But what’s really powerful, and I’ll get into more in a second, is that we don’t need two dimensions to capture the meat-vegetable relationship: we can do it in one. Just as “meat” is a vector and “vegetable” is a vector, “meat”-“vegetable” is also something that we can track in space. In the text_vectors package, we can simply indicate this by comparing our words to a new vector defined as chronam_vectors[["meat"]] - chronam_vectors[["vegetable"]]
This is a relationship, not a vocabulary item: but it is defined in the same vector space, so we can score any words based on their relationships to it.
This means we can create text layouts specific to any desired word relationship.
If that relationship is so important that it makes its way into the model’s outputs, we can see it in action.
all_foods = data.frame(word = rownames(foods))
meat_vegetable_vector = chronam_vectors[["meat"]] - chronam_vectors[["vegetable"]]
all_foods$meatiness_vs_veginess = cosineSimilarity(foods,meat_vegetable_vector)
sweet_salty_vector = chronam_vectors[[c("sugar","sweet")]] - chronam_vectors[[c("salty","salt")]]
all_foods$sweet_vs_salty = cosineSimilarity(foods,sweet_salty_vector)
library(ggplot2)
ggplot(all_foods,aes(x=meatiness_vs_veginess,y=sweet_vs_salty,label=word)) + geom_text(size=2.5) +
scale_y_continuous("<----- saltier .............. sweeter ------>",limits=c(-.45,.25)) +
scale_x_continuous("<----- vegetalier .............. meatier ------>",limits=c(-.25,.33))
## Warning: Removed 5 rows containing missing values (geom_text).
The dimensions here appear to me to be capturing some useful distinctions about food prepartion practices in the United States between 1860 and 1922. The foods generally drift down and to the right because saltiness and meatiness are correlated.
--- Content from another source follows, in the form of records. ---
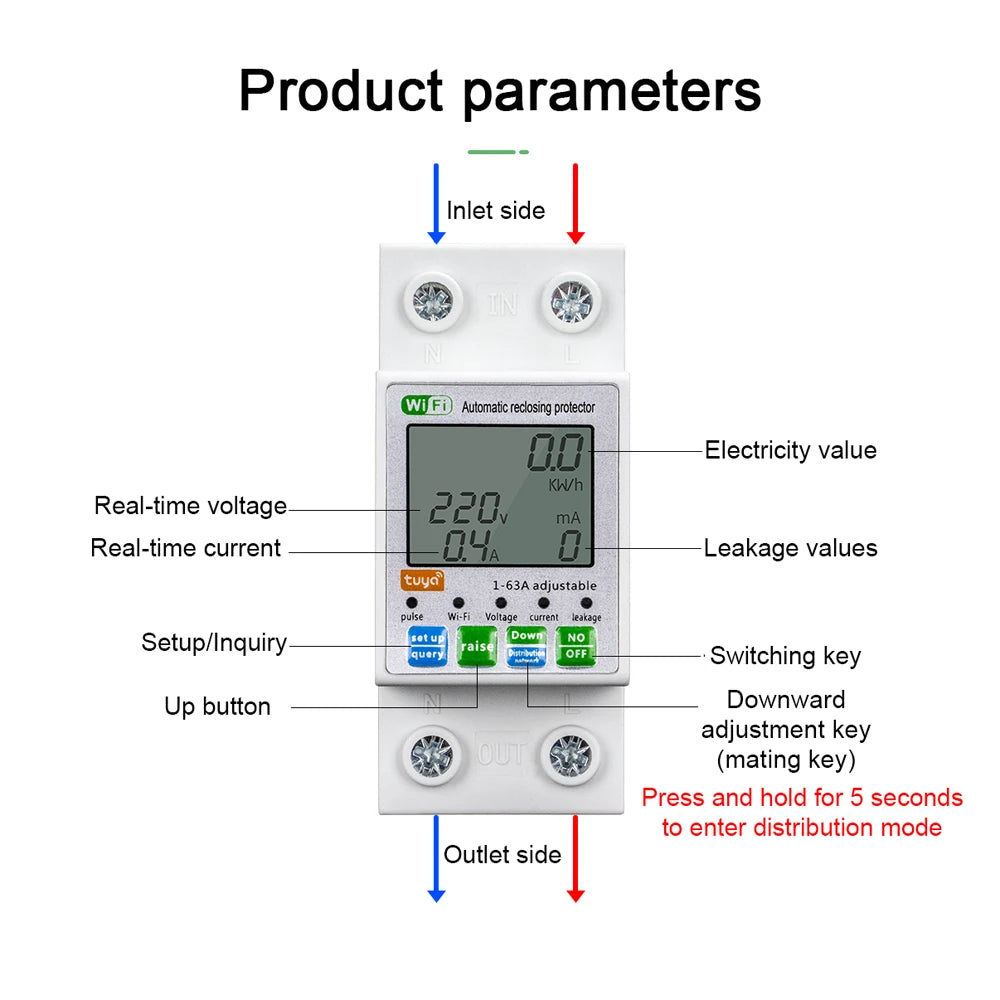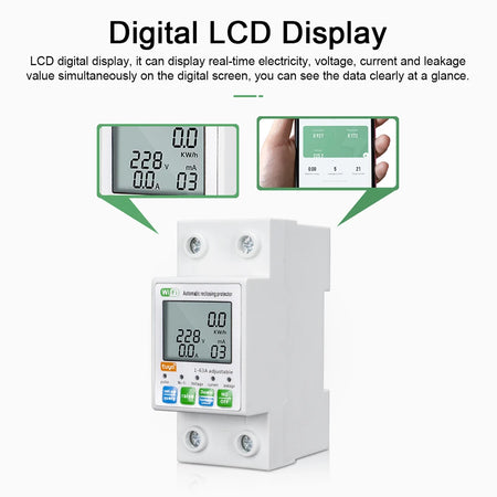 Meet the Tuya WiFi Smart Power Meter With Reclosing Protection LCD by KKMOON — a compact, intelligent solution designed to guard your home and equipment from electrical faults while giving you real-time visibility and control.
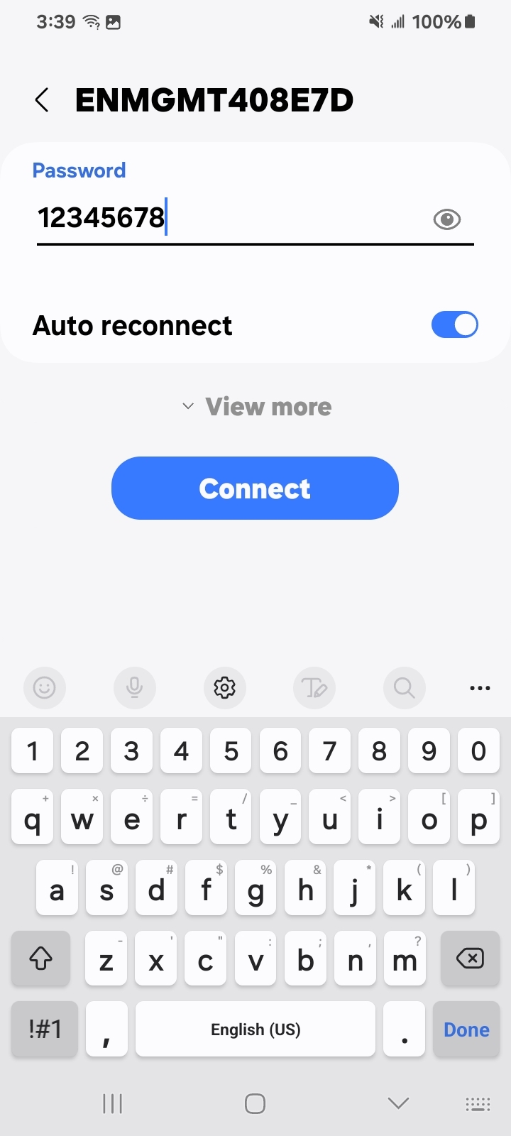 6. The default password for management SSID is “12345678.” Select the network name that matches your device's format from the list of available networks and connects to it.
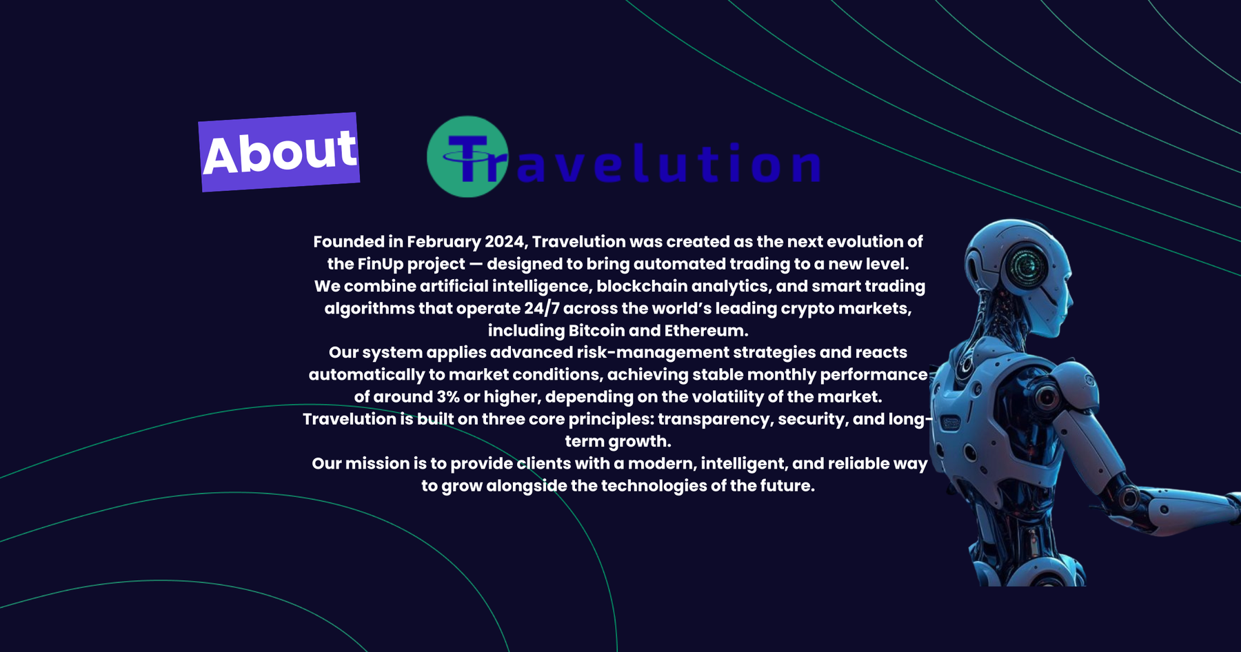 Crypto and Bitcoin are reshaping global wealth. Travelution combines artificial intelligence, automation, and data-driven trading to create a new era of financial growth — generating sustainable cash flow and long-term value for every investor.
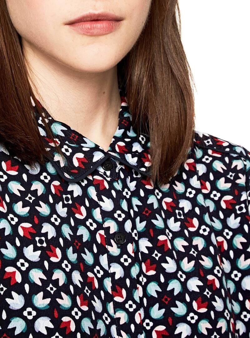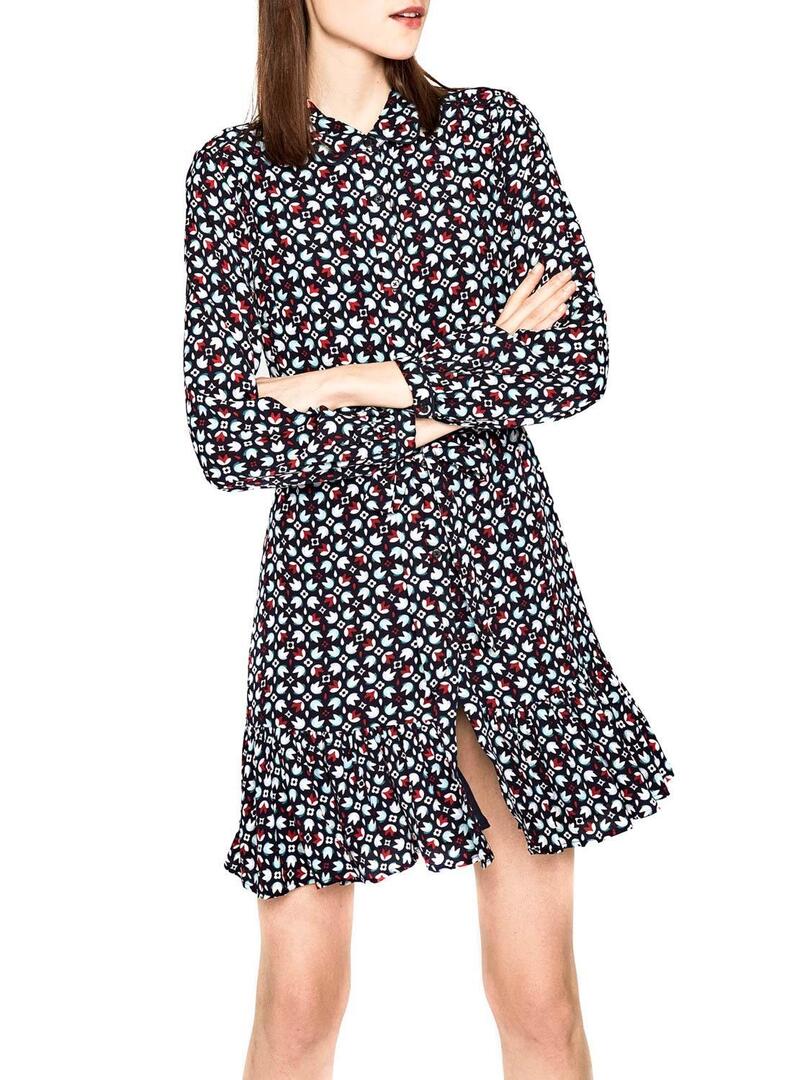 Pepe Jeans vestido. Modelo Valerian . Manga comprida. Tecido fluido. Estampado multicolor. Volante con baixo. Corte na cintura. Fecho denatero con botão é. O modelo usa tamanho S.
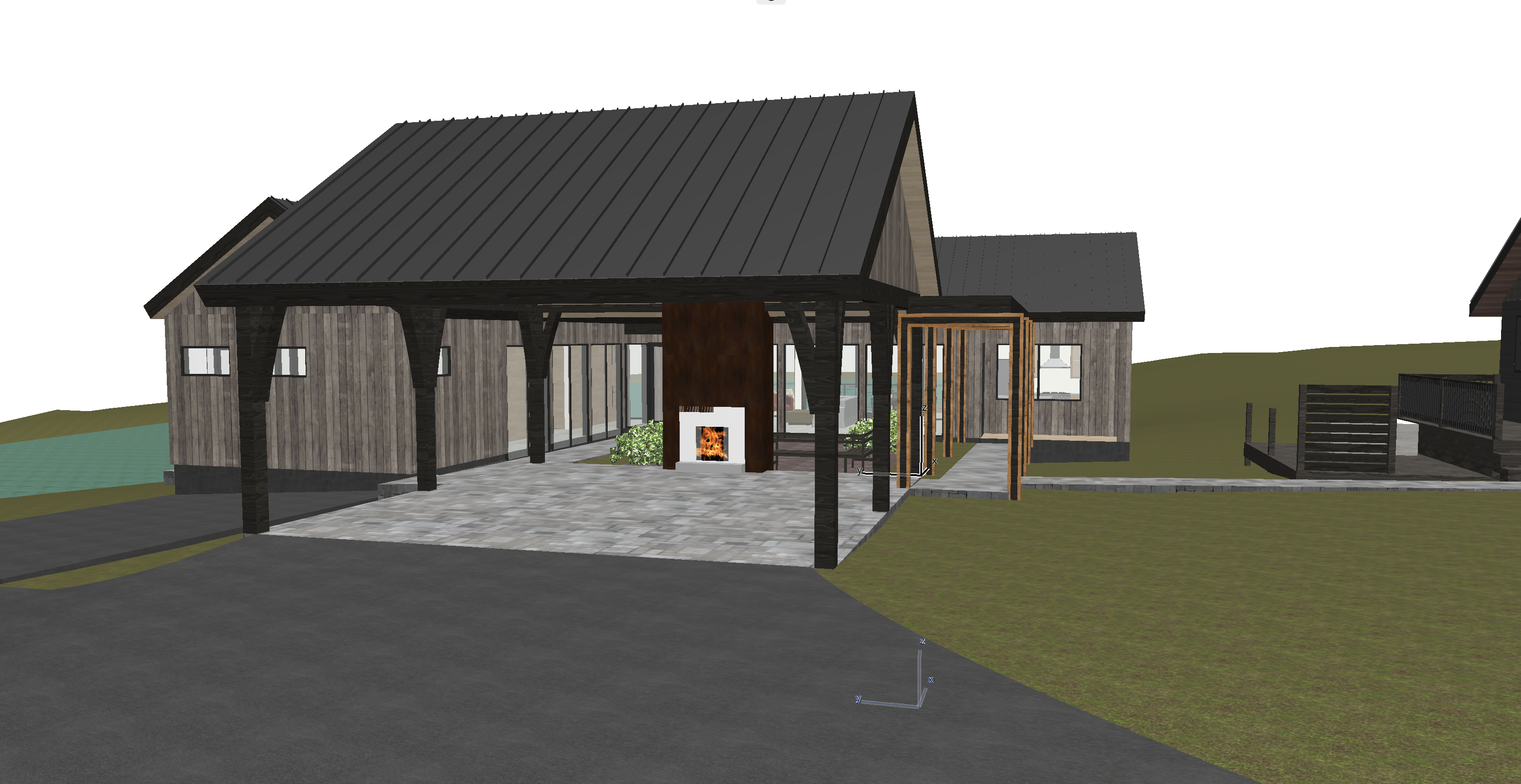 modern farmhouse with covered gathering area in the foreground extensive landscaping with pond to the left distant trees beyond with rolling tree covered hills in the background
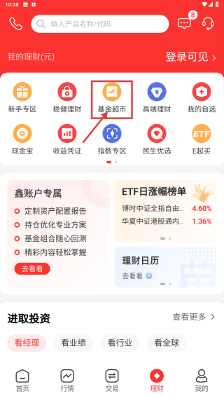 2、在理财功能页面,点击基金超市选项,进入基金超市界面。
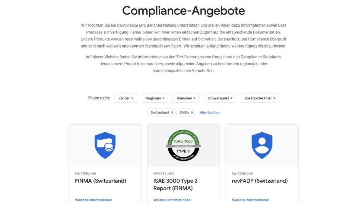 Im Compliance Resource Center kannst du nach Ländern, Regionen, Branchen und bestimmten Schwerpunkten – zum Beispiel Security – filtern. Du erhältst dann eine Übersicht über alle für dich relevanten Richtlinien und Gesetze und kannst per Klick hierzu detaillierte Infos einsehen. Auch wie Google diese einhält und welche spezifischen Produkte es gegebenenfalls zur Unterstützung gibt, erfährst du hier. So erfüllt Google Cloud zum Beispiel die für die Schweiz relevanten Richtlinien FINMA, ISAE 3000 Type 2 Report und revFADP.

But in the deviations lie distinctions in the way certain foods are prepared. Lamb and poultry are the meats most associated with sweet/sugary preparations or results; lemon, celery and tomato the fruits/vegetables most associated with salt. Frying and boiling are methods of preparation that incline towards saltiness; roasting and canning with sweetness. And so forth.
This is, obviously, something of a toy example; I don’t know enough about late-19th-century food to necessarily see what’s interesting here. I go into the food example not because I’m trying to produce substantive answers to historical questions, but to show the ways that a method like this operates.
The point, though, is that that “sweet/salty” and “vegetable/meaty” are both binary relations that share some interesting properties:
They are not captured by a single word;
They nonetheless exist, in some sense, in the real world;
They exist as a spectrum rather than a class.
I don’t think it’s a stretch to say that most interesting problems in the humanities are this sort of thing. When we study the discourse of Catholicism, we tend to actually mean not some abstract linguistic field on its own but rather a set of vocabularies in tension with other ones. One person might study Catholic rhetoric compared to protestantism; another compared to atheist rhetoric; another compared to indigenous cultures.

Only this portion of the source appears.